I am pretty sure I did cast a vote for _The Remains Of The Day_ - on the 30th in fact, though we can't prove whose vote it was - but even so there is only 1 vote for it so I would argue strongly for the votes cast to reflect the outcome. That still leaves two books each with 2 votes. It is a shame so few voted but there it is. You could, of course have a second round of voting for the decider. Scheherazade?

----------


## bounty

heck then I might be the doofus who didn't vote for the book he nominated!

----------


## papayahed

Dream - your vote didn't show up

Bounty - you're not a doofus

----------


## Dreamwoven

All the more reason not to count _The Remains of the Day_ as a contender.

----------


## mona amon

Bounty, I too didn't vote for the book I nominated (Light in August).
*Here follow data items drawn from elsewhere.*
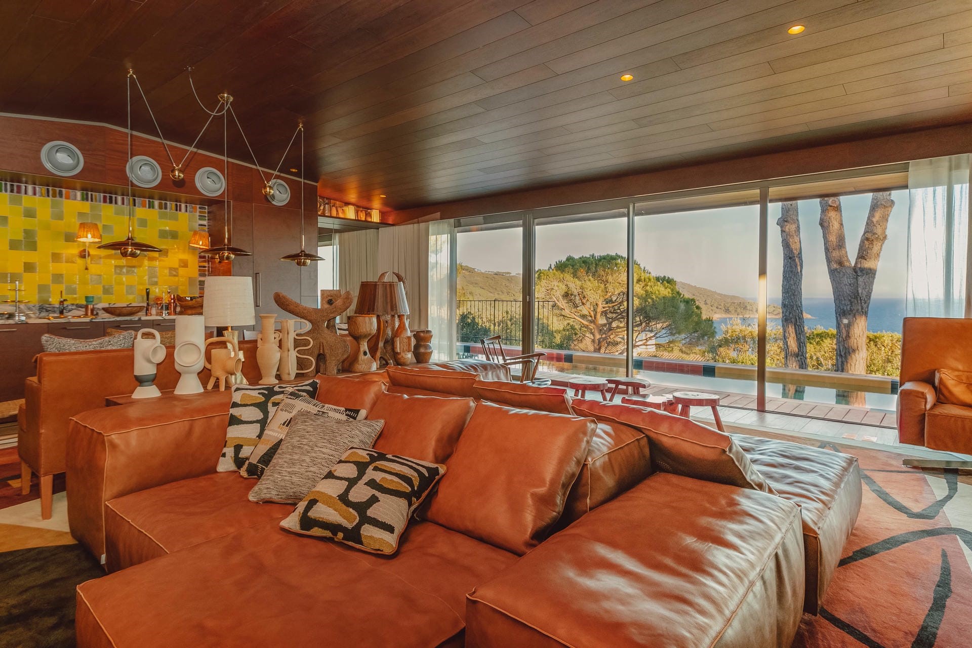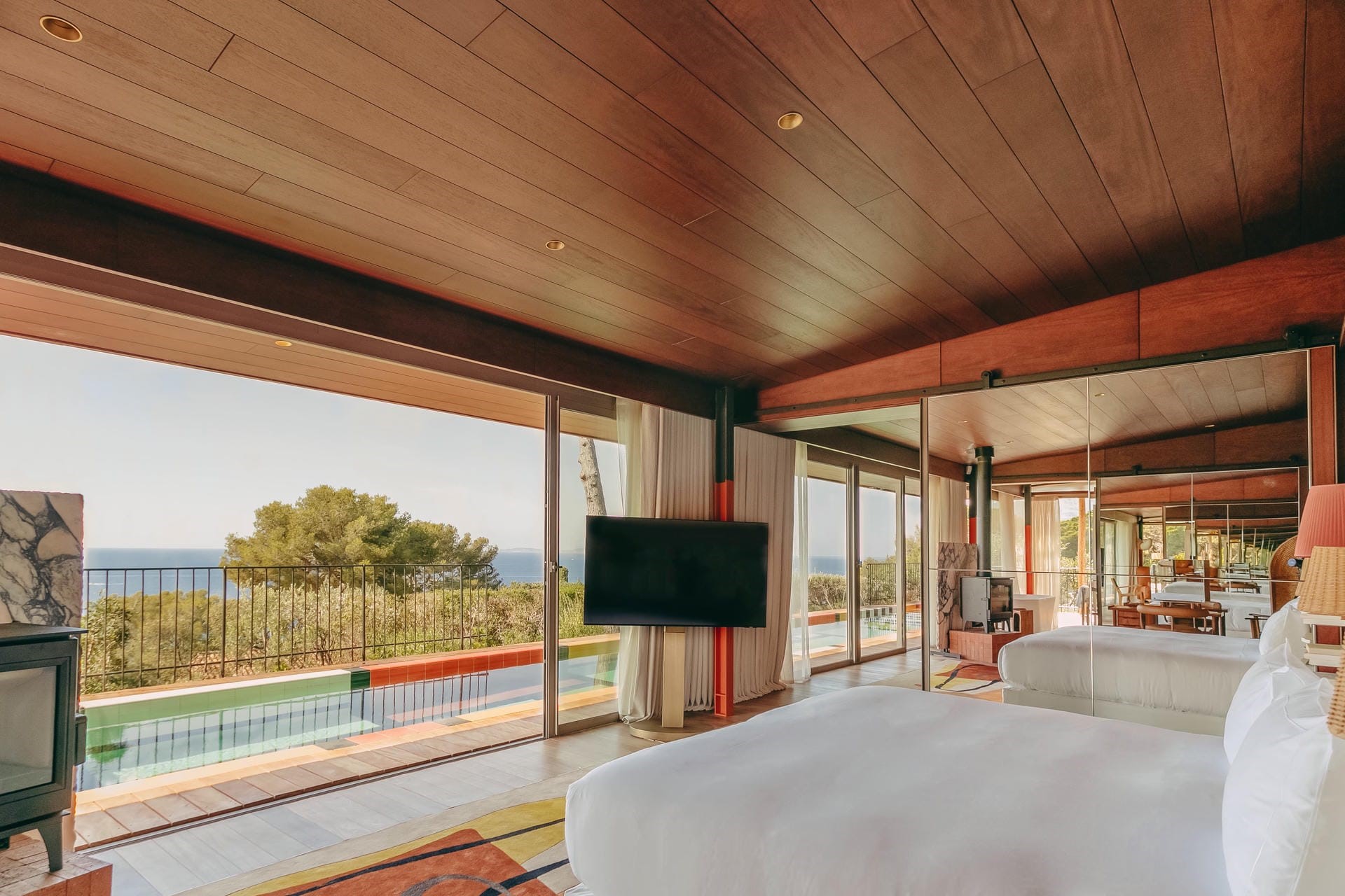 Inside, Villa W is spacious and distinctive, with custom furnishings and a retro-inspired contemporary design. The upper floor features the main living area – a wide, open-plan space with clean lines, warm wood accents, and a sculptural fireplace. A fully equipped kitchen sits just behind, and full-height glass doors lead out to the main terrace. The interiors reflect Starck’s signature style, from curved walls to design-led lighting, yet still feel relaxed and comfortable.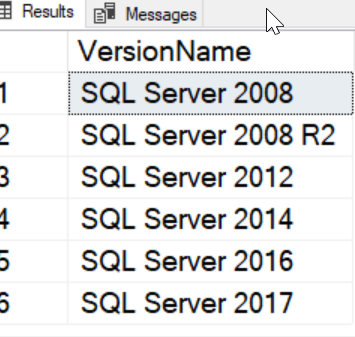 SELECT * FROM dbo.SQLServerVersions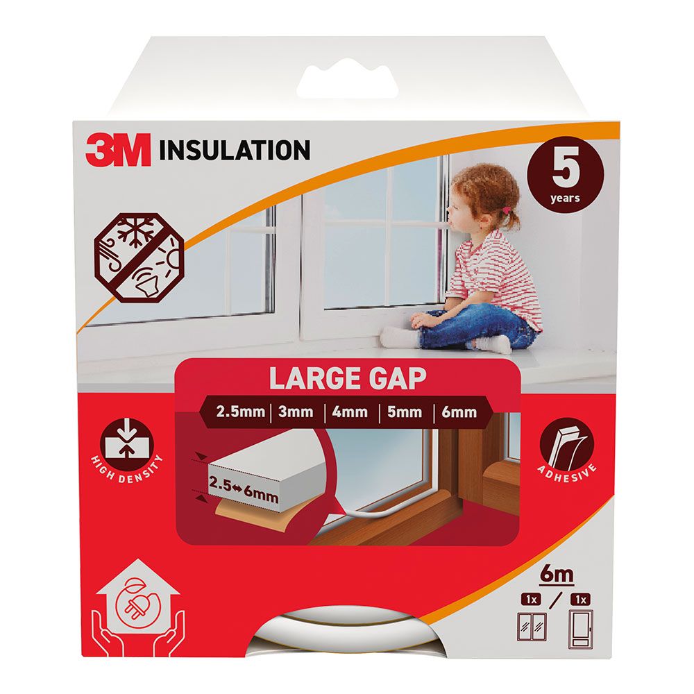 BURLETE DE AISLAMIENTO CLÁSICO PARA HUECOS GRANDES DE 2,5 - 6 mm, BURLETE DE ESPUMA DE ALTA DENSIDAD DISEÑADO PARA TODO TIPO DE VENTANAS Y PUERTAS - FÁCIL DE INSTALAR Y PARA QUE DUREN AÑOS, GARANTIZANDO UN MEJOR AISLAMIENTO - BLANCO - 6 m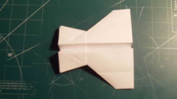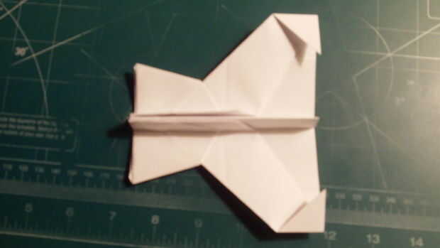 Primero, doblar los extremos del ala en los pliegues del cuarto. Luego en los pliegues de cuarto mismo doblar la sección del ala en un ángulo de 90 grados.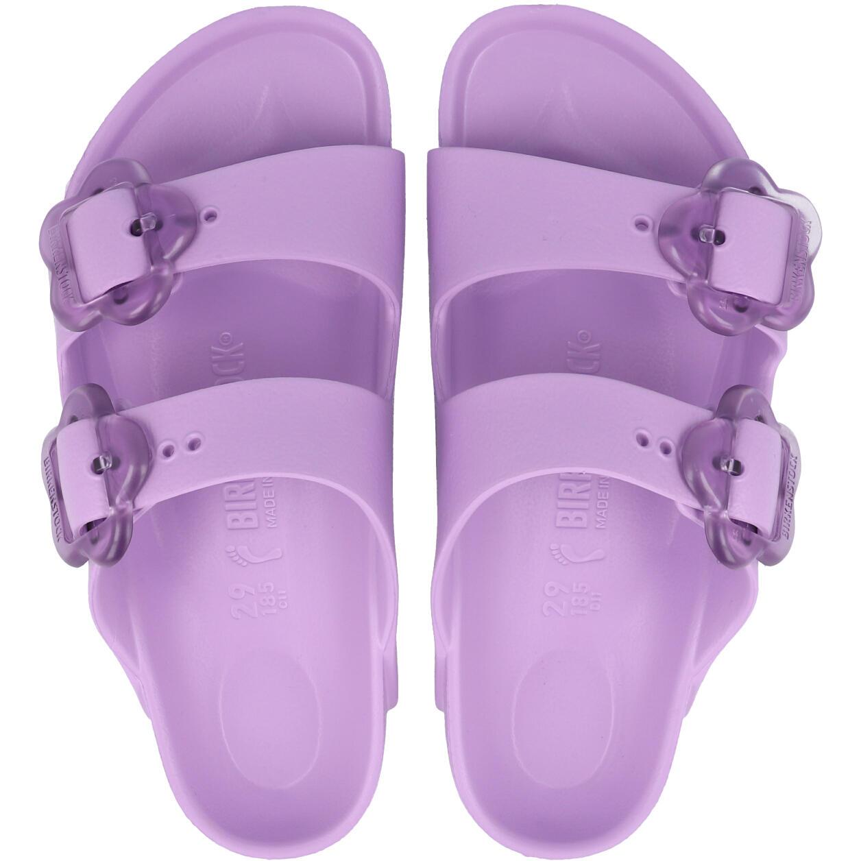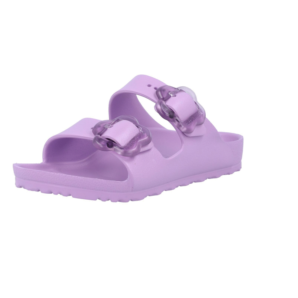 Discover the joy of play with the Birkenstock Arizona Flower Kids EVA Crocus. Perfect for little adventurers, these sandals feature a charming floral buckle and a flexible, lightweight EVA construction. Ideal for splashing at the beach or running wild on the playground, they're water-resistant and washable, ensuring durability every step of the way.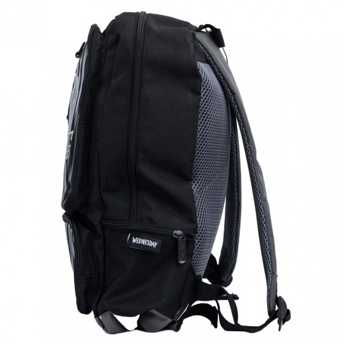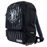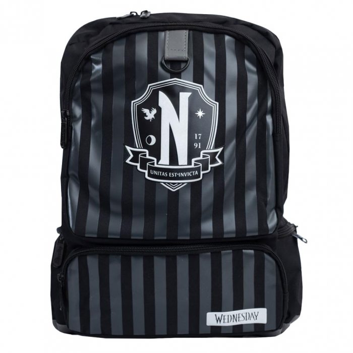 Black premium design back pack with silver Nevermore Academy and Wednesday logos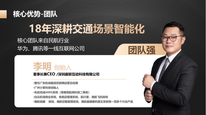 創(chuàng)始人李明多年深耕交通場景智能化,其核心團隊來自民航行業(yè)、華為、騰訊等一線互聯(lián)網(wǎng)公司,有多年大交通場景的運營實戰(zhàn)經(jīng)驗。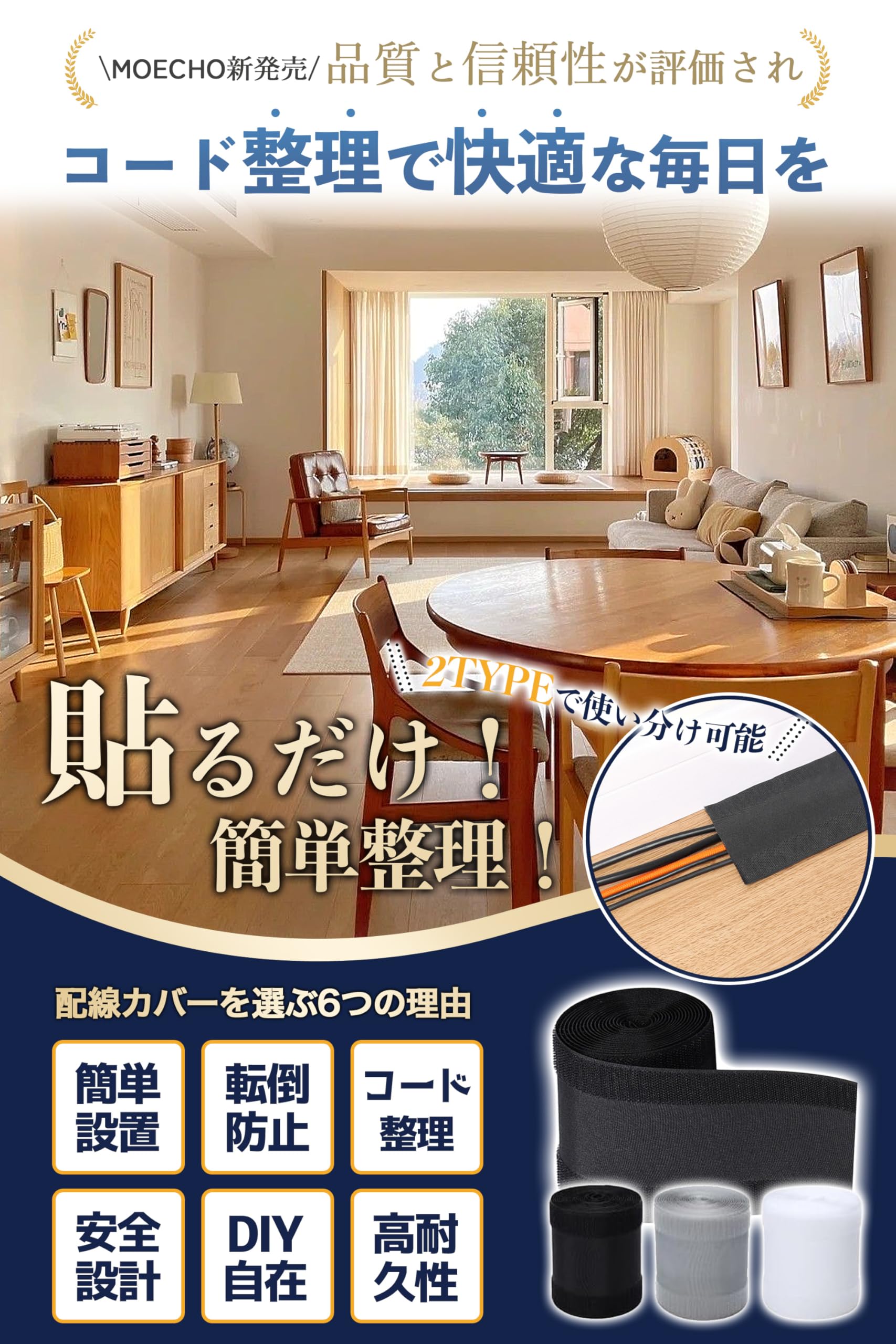 配線モール 配線隠し ケーブルカバー 配線カバー PVC 柔らかい 難燃素材 難燃素材 燃えるのを防ぐ/通気性/絶縁/自己接着/完璧なフィット感 配線モール 両面テープ ケーブル 床 カバー粘着式 溝の幅を広げる より多くの電線を収容する など配線整理用 屋外環境に最適 (8M)

I tried to vote for something already voted for, or there'll be just one vote for each, with so few of us voting.

----------


## bounty

why thank you papayahed...

its interesting mona to consider, given the many dozens on the site who are active in some way, and presumably who read, that this section isn't more popular.

----------


## merrycollie

Hi, I'm new, (again), to this site, but the first thing I went to, was the book club. I saw 2 being more favored and decided to send for Things fall Apart. I don't know at what point you decide on the month's pick, but I started reading this and it is SO good! I'll probably have it read in a few days, so in case you decide on another book to read, I may send for that one also.

----------


## zeldalola

Did you ever decide?

----------


## VMLM3

Hey! I'm a brand spankin' new member. Fresh faced and wide eyed, hoping to learn your worldly ways. How does this work? What do we read? Is the decision taken? I'm very eager to read _either_ the idiot or things fall apart. Will you have me?

----------


## Dreamwoven

Since there was no clear decision, and so few voted, I have assumed we just make our own choice. I have got a copy of The Remains of the day by Kazuo Ishiguro. There is a sub-forum here for book reviews, so if you think a book is worth reviewing and have something to say, just publish anything on book reviews there.

----------


## VMLM3

Alright then.... guess I'll just continue reading Swann's way..

----------


## ksyfullah07

I would like to vte for 'The Comedians'...But I can not...

----------